Compounding of contraventions under FEMA

The changes in Compounding rules notified by the Government of India vide Notification No. G.S.R. No. 609 (E) dated September 13, 2004 in the Foreign Exchange (Compounding Proceedings) Rules, 2000 are quite important and historic.

Hitherto the Reserve Bank of India was empowered to compound contravention under the provisions of following sections of FEMA, 1999.

  1. Section 7 (Export of goods and services),

  2. Section 8 (Realisation and repatriation of foreign exchange),

  3. Section 9 (Exemption from realisation and repatriation of foreign exchange in certain cases),

  4. Third Schedule to the Foreign Exchange Management (Current Account Transactions) Rules, 2000.

1"With a view to provide comfort to the citizens and corporate community by minimizing transaction costs, while taking severe view of wilful, mala fide and fraudulent transactions, the Government of India has placed the major responsibilities of administering compounding with the Reserve Bank of India, except under section 3(a) of FEMA (dealing essentially with Hawala transactions)."

Section 3 contains provisions relating to ‘Dealing in foreign exchange, etc.’

Section 3(a) states as follows:

"3. Save as otherwise provided in this Act, rules or regulations made thereunder, or with the general or special permission of the Reserve Bank, no person shall: –

  1. deal in or transfer any foreign exchange or foreign security to any person not being an authorized person."

Thus now, the modified compounding powers stand as under:

  1. Reserve Bank has been empowered to compound the contraventions of all the sections of FEMA 1999 except clause (a) of section 3 of the Act ibid.

  2. Directorate of Enforcement would continue to exercise powers of compounding under clause (a) of Section 3 of FEMA.

RBI has set up a Compounding Authority. The application for compounding has to be filed with The Compounding Authority, [Cell for effective implementation of FEMA (CEFA)], Foreign Exchange Department, 11th Floor, Central Office Building, S. B. Singh Road, Fort, Mumbai – 400 001.

The Compounding Authority shall dispose of the matter within 180 days from the date of the receipt of the application.
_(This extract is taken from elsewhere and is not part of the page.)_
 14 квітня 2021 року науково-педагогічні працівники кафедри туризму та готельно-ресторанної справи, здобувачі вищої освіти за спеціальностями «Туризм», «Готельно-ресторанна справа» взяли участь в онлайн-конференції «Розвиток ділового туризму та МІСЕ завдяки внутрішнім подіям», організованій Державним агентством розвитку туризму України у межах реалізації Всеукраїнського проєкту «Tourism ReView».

Once the Compounding Authority has compounded a contravention, no proceeding or further proceeding will be initiated or continued, as the case may be, against the contravener.
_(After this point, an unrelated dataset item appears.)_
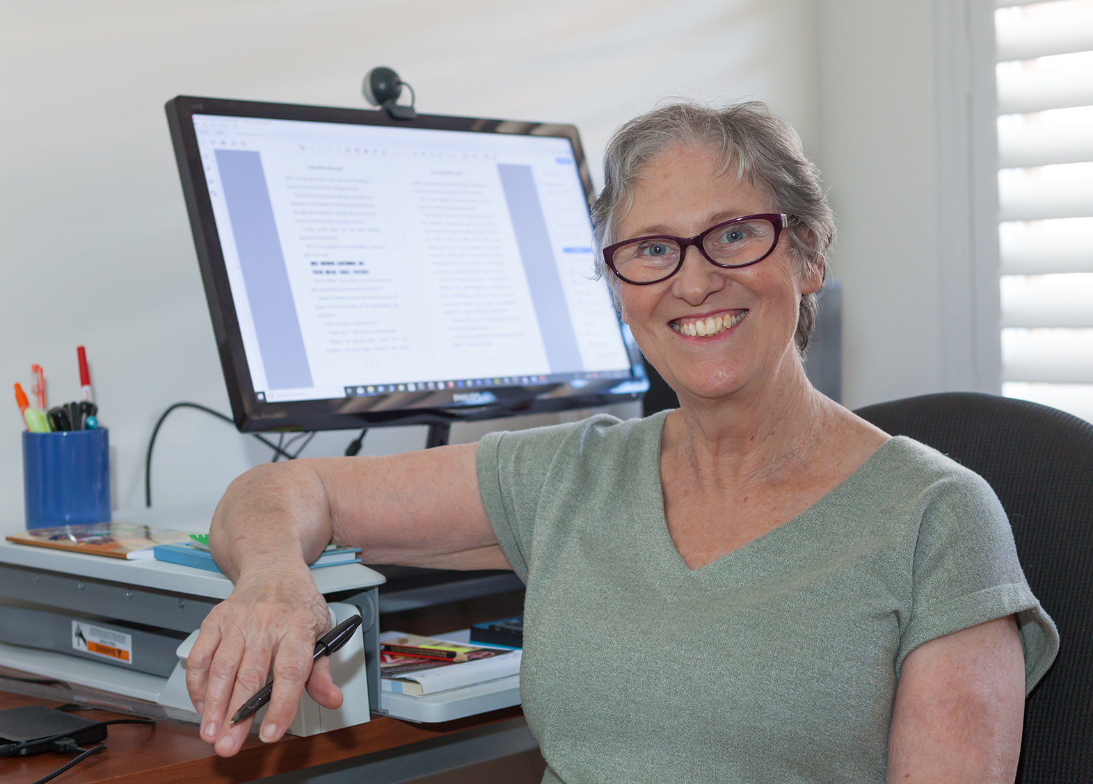 Photo of Teena Raffa-Mulligan in a grey shirt sitting at her computer desk.

The amended "Foreign Exchange (Compounding Proceedings) Rules, 2000" Notified vide G.S.R. No. 609 (E) dated September 13, 2004 contains various definitions and other provisions relating to powers of Reserve Bank to compound contravention of any provisions of FEMA 1999 except section 3(a) of the Act, (compounding of which is entrusted to the Enforcement Directorate), the procedure for compounding, payment of amount compounded and consequences of failure to pay such amount, non-compounding in a case where an appeal has been filed, contents of the order of Compounding Authority and supplying the copies to the applicant and the Adjudicating Authority as the case may be. The form in which the applicant has to apply for compounding the contravention has also been given along with the abovementioned amended Rules. Refer Annexure I to A.P. (Dir Series) Circular No. 31 dated February 1, 2005 for text of amended "Foreign Exchange (Compounding Proceedings) Rules, 2000".
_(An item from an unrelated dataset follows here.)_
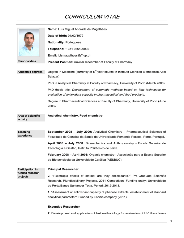 CURRICULUM VITAE Name: Luís Miguel Andrade de Magalhães Date of birth: 01/02/1979 Nationality: Portuguese Telephone: + 351 936426992 Email: [email protected] Personal data Present Position: Auxiliar researcher at Faculty of Pharmacy Academic degrees Degree in Medicine (currently at 5th year course in Instituto Ciências Biomédicas Abel Salazar) PhD in Analytical Chemistry at Faculty of Pharmacy, University of Porto (March 2008) PhD thesis title: Development of automatic methods based on flow techniques for evaluation of antioxidant capacity in pharmaceutical and food products. Degree in Pharmaceutical Sciences at Faculty of Pharmacy, University of Porto (June 2003). Area of scientific activity Analytical chemistry, Food chemistry Teaching experience September 2008 – July 2009: Analytical Chemistry – Pharmaceutical Sciences of Faculdade de Ciências da Saúde da Universidade Fernando Pessoa, Porto, Portugal. April 2008 ‒ July 2008: Biomechanics and Anthropometry - Escola Superior de Tecnologia e Gestão, Instituto Politécnico de Leiria. February 2008 ‒ April 2008: Organic chemistry - Associação para a Escola Superior de Biotecnologia da Universidade Católica (AESBUC). Participation in funded research projects Principal Researcher 2. “Pleiotropic effects of statins: are they antioxidants?” Pre-Graduate Scientific Research. Pluridisciplinary Projects, 2011 Competition. Funding entity: Universidade do Porto/Banco Santander Totta. Period: 2012-2013. 1. "Assessment of antioxidant capacity of phenolic extracts: establishment of standard analytical parameter". Funded by Enartis company (2011). Executive Researcher 7. Development and application of fast methodology for evaluation of UV filters levels 1 CURRICULUM VITAE in coastal bathing waters, Project PTDC/AAC-AMB/104882/2008, 2010-2012. 6. QREN, SI Qualificação PME/Vale Inovação, Promotor Maria Joaquim Braga Herdeiros, "VinusSanus: potencialização da capacidade antioxidante do vinho tinto" (2012). 5. Characterization and evaluation of performance of nano-structured sorbents for automatic extraction and preconcentration of pollutants, Acções Integradas LusoEspanholas nº E-48/2009, 2008-2009. 4. Development of azacalix(hetero)arene transporters for mediated anionic flux across membranes: a novel approach for studying ionic passive diffusion, Project PTDC/QUIQUI/101022/2008. 3. Novel strategies for implementation of process control based on Green Chemistry concepts, 2005-2008, funded by Fundação para a Ciência e Tecnologia and by Gabinete de Relações Internacionais da Ciência e do Ensino Superior. 2. Bioassay–guided isolation and identification of anti-inflammatory and antioxidant compounds from a medicinal extract of Pedilanthus tithymaloides, 2004-2005, funded by REQUIMTE-Laboratório Associado para a Química Verde, Tecnologias e Processos Limpos. 1. Assessing the dietary exposure of Portuguese consumers to acrylamide. Improvement, developement and validation of rapid screening procedures and confirmatory analytical methodologies. Project POCTI/AGR/61543/2004, 2005-2008. Supervising experience 2011-2013: Supervision of degree students Ana Mota and Tânia Soares. 2009-2011: Supervision of degree student Miguel Araújo Maia. 2009-2010: Co-supervision of PhD student Joana P.N. Ribeiro 2006-2007: Supervision of degree student Fernando Santos, work entitled “Highthroughput Folin-Ciocalteu assay: application to food products” Publications Bibliometric data (Thomson Reuters): Records found: 20; Sum of the Times Cited: 373; Average Citations per Article 18.65; h-index: 9. PhD Thesis L.M. Magalhães, Development of automatic methods based on flow techniques for evaluation of antioxidant capacity in pharmaceutical and food products. Faculty of Pharmacy, University of Porto (2008). 2 CURRICULUM VITAE Chapter in book 4. Use of near infrared spectroscopy for coffee beans quality assessment, M.C. Sarraguça, J.R. Santos, L.M. Magalhães, R.N.M.J. Páscoa, A.O.S.S. Rangel, J. A. Lopes, Chapter X: pag. XX. In: Coffee in Health and Disease Prevention. Edited by Victor R. Preedy, Elsevier, Amsterdam. 2013 (in-print). 3. Assays of riboflavin in food using solid-phase extraction, M.A. Segundo, M.V. Osório, L. Barreiros, L.M. Magalhães, H.M. Oliveira, in "B Vitamins and Folate Chemistry, Analysis, Functions and Effects", in Food and Nutritional Components in Focus series, edited by Victor R. Preedy, Royal Society of Chemistry, Cambridge, 2012, ISBN: 978-1-84973-369-4. 2. Determination of scavenging capacity against hydrogen peroxide: recent trends on chemical methods, M.A. Segundo, C. Castro, L.M. Magalhães, S. Reis, in "Hydrogen Peroxide: Detection, Applications and Health Implications", edited by Gilberto Aguilar and Raphael A. Guzman, Nova Publishers, Hauppauge, 2012, ISBN: 978-1-62257414-8. 1. Chapter 8. Determination of the Scavenging Capacity Against Reactive Nitrogen Species by Automatic Flow Injection-Based Methodologies, M.A. Segundo, L.M. Magalhães, J.P.N. Ribeiro, M. Lúcio, S. Reis, 91-104, in "Nitric Oxide - Methods and Protocols", edited by Helen O. McCarthy and Jonathan A. Coulter, Humana Press, New York, 2011, ISBN: 978-1-61737-963-5. Papers in peer reviewed international scientific journals 21) L.M. Magalhães*, L. Barreiros, S. Reis, M.A. Segundo, Kinetic matching approach applied to ABTS assay for high-throughput determination of total antioxidant capacity of food products. Submitted to Journal of Food and Composition Analysis (2013). 20) L.M. Magalhães*, I. Ramos, S. Reis, M. A. Segundo, Antioxidant profile of commercial enological tannins determined by multiple chemical assays. Accepted for publication in Australian Journal of Wine and Grape Research (2013). 19) M. Rosende, L.M. Magalhães, M.A. Segundo, M. Miró, Automated microdialysisbased system for in-situ microsampling and investigation of lead bioavailability in terrestrial environments under physiologically-based extraction conditions. Envir

Reserve Bank has also prescribed the procedures for compounding of contravention vide A.P. (Dir Series) Circular No. 31 dated February 1, 2005. Refer Annexure II to the said Circular for the text of the Compounding Process.

Conclusion

Earlier, since the powers of compounding the contraventions vested with the Directorate of Enforcement, lot of hardships were being faced by the contraveners and the procedure was burdensome. However, henceforth most of the powers being transferred to RBI, the procedures shall get simplified and hardships may get reduced.